→ PROBLEM DETAILS
Make an exact copy, from the records below, of the lines from the line containing "Metal Ball Rectangle" to the line containing "1-2 alkalommal hordott, teljesen", both lines included, excluding pictures.

→ RECORD EXTRACTS
^^^^
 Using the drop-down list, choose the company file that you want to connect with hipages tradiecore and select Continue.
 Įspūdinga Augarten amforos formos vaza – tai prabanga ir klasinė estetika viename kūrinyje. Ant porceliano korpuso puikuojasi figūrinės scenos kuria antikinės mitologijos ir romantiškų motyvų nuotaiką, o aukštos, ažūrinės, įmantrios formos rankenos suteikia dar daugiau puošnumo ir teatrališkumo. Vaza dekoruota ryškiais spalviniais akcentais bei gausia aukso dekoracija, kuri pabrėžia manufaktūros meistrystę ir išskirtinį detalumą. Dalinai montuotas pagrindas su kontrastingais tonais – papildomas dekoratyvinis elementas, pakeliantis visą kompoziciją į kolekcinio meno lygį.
^^^^
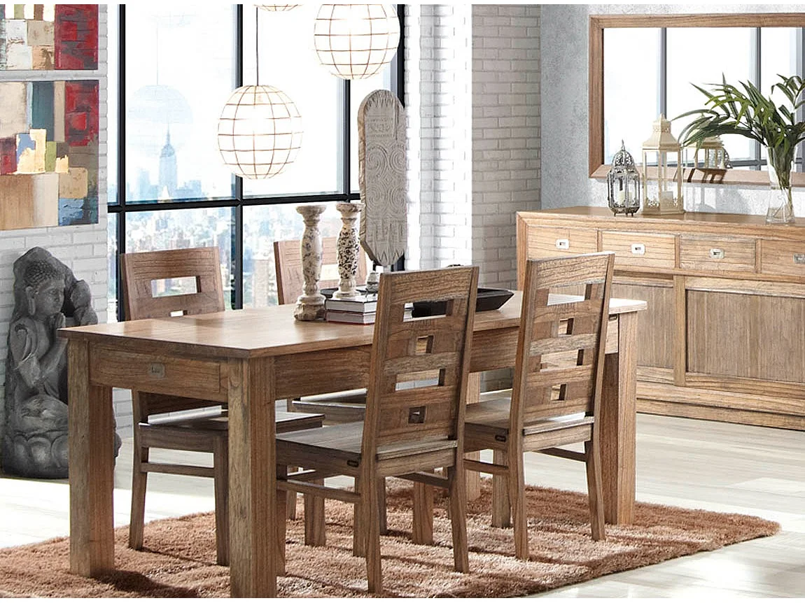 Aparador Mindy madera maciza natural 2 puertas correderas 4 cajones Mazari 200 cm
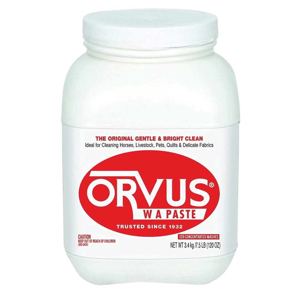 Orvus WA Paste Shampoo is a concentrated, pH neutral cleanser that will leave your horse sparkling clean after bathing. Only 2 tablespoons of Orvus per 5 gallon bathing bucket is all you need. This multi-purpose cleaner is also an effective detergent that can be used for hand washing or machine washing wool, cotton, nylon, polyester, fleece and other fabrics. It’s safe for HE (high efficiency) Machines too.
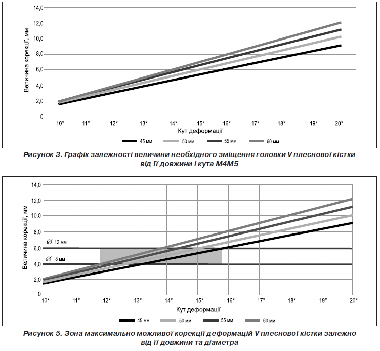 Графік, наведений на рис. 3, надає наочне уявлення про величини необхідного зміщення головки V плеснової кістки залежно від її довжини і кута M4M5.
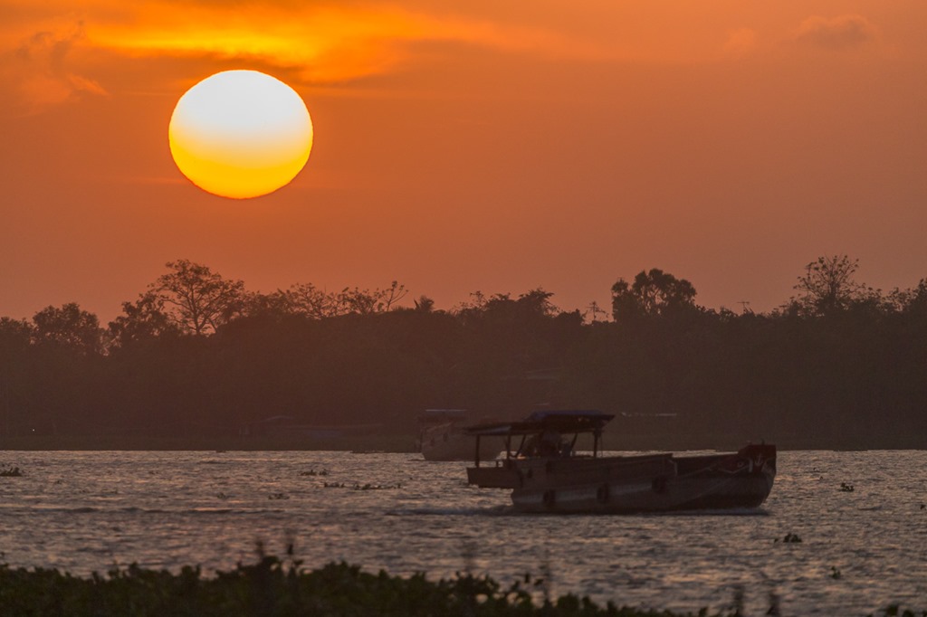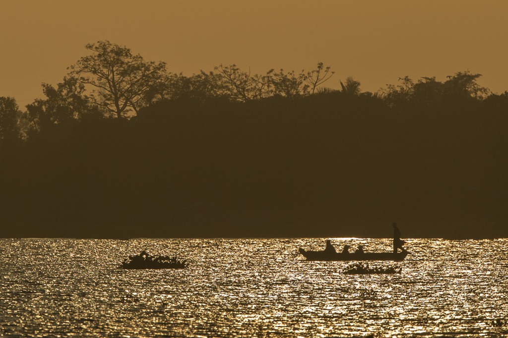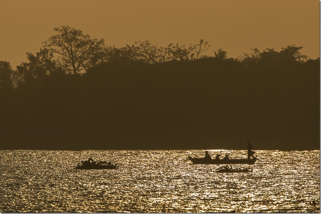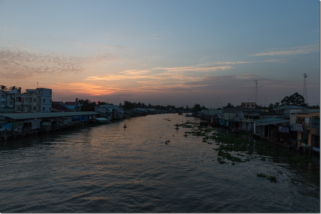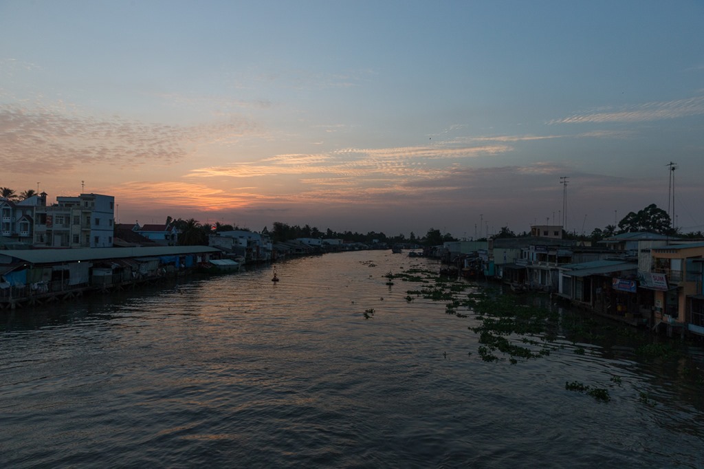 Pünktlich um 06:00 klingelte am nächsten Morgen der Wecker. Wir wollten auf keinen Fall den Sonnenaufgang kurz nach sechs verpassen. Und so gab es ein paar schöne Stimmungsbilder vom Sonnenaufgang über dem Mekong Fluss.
^^^^
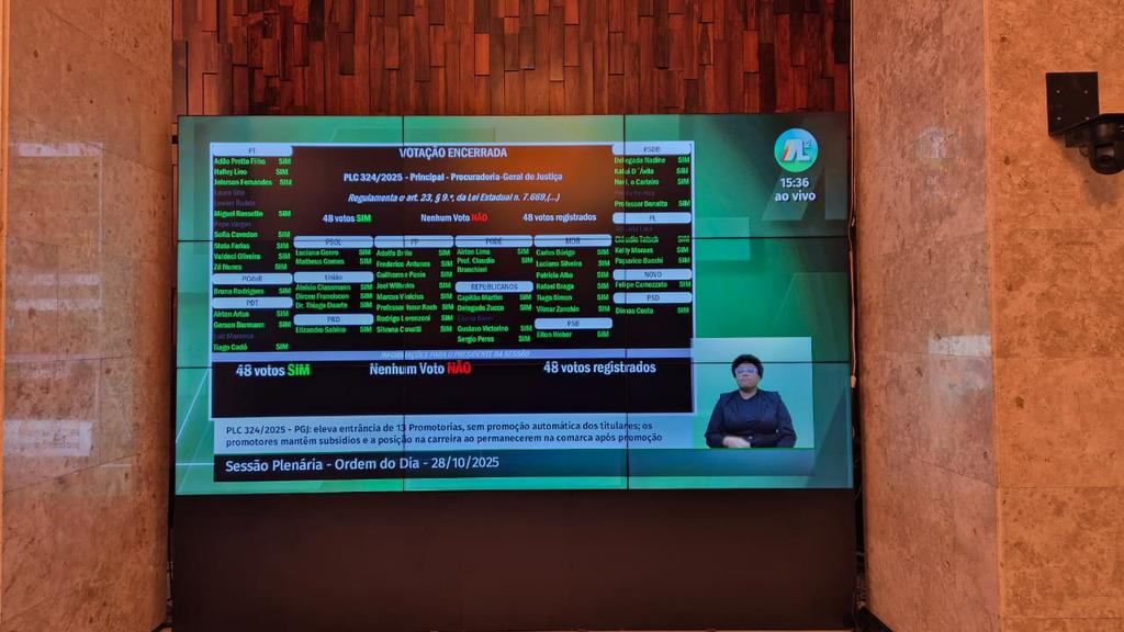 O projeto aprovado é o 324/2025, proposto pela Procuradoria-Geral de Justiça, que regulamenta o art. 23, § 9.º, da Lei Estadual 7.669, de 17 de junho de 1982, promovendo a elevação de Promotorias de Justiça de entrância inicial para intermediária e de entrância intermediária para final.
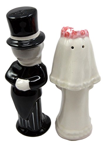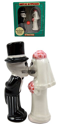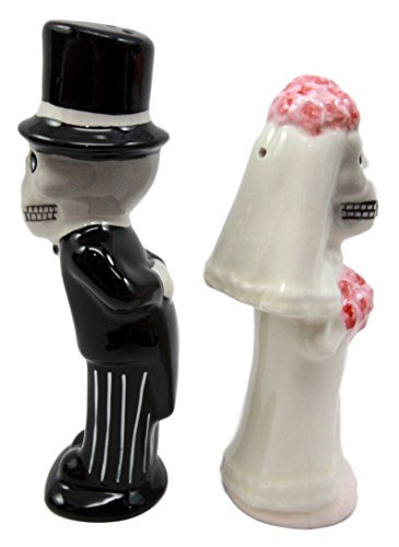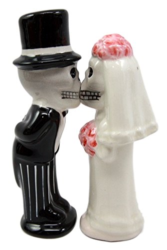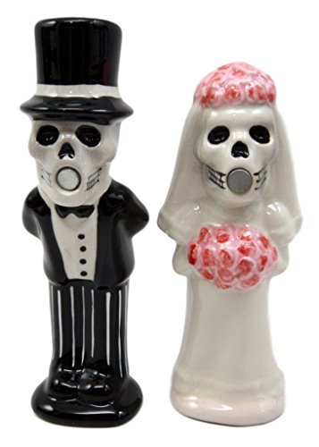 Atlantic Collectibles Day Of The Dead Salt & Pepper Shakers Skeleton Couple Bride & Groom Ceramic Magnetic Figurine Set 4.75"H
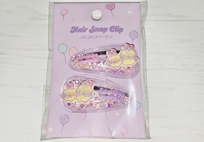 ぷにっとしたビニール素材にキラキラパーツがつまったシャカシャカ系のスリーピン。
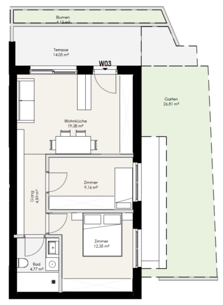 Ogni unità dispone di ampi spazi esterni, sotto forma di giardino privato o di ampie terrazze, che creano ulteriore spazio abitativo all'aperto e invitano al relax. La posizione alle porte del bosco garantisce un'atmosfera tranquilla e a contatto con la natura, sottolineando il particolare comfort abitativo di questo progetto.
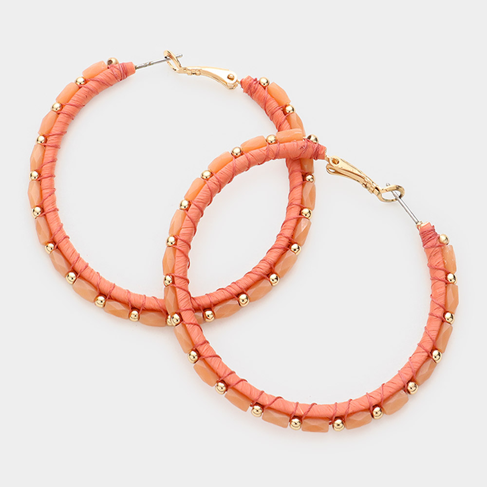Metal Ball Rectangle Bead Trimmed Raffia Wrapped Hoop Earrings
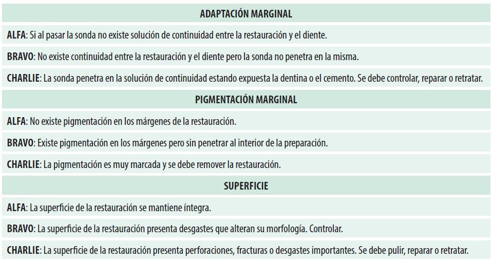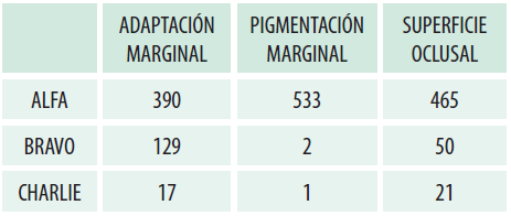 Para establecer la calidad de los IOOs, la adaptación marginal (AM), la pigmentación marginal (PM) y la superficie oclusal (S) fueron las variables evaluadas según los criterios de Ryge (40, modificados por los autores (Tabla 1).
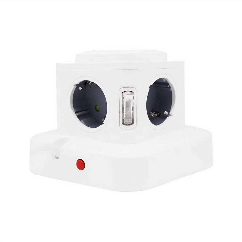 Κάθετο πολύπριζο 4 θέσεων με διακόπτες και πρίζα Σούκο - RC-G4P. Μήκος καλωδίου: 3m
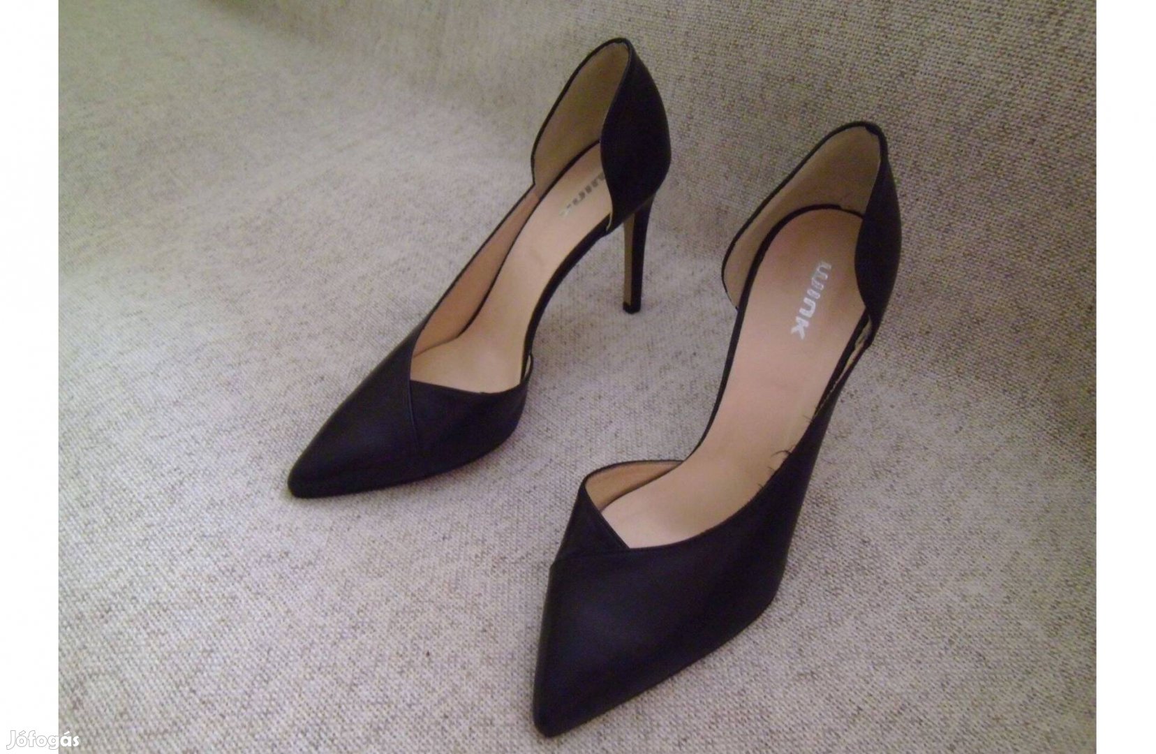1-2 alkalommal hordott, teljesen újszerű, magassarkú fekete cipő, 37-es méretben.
^^^^
→ TASK ANSWER
Metal Ball Rectangle Bead Trimmed Raffia Wrapped Hoop Earrings
 Para establecer la calidad de los IOOs, la adaptación marginal (AM), la pigmentación marginal (PM) y la superficie oclusal (S) fueron las variables evaluadas según los criterios de Ryge (40, modificados por los autores (Tabla 1).
 Κάθετο πολύπριζο 4 θέσεων με διακόπτες και πρίζα Σούκο - RC-G4P. Μήκος καλωδίου: 3m
1-2 alkalommal hordott, teljesen újszerű, magassarkú fekete cipő, 37-es méretben.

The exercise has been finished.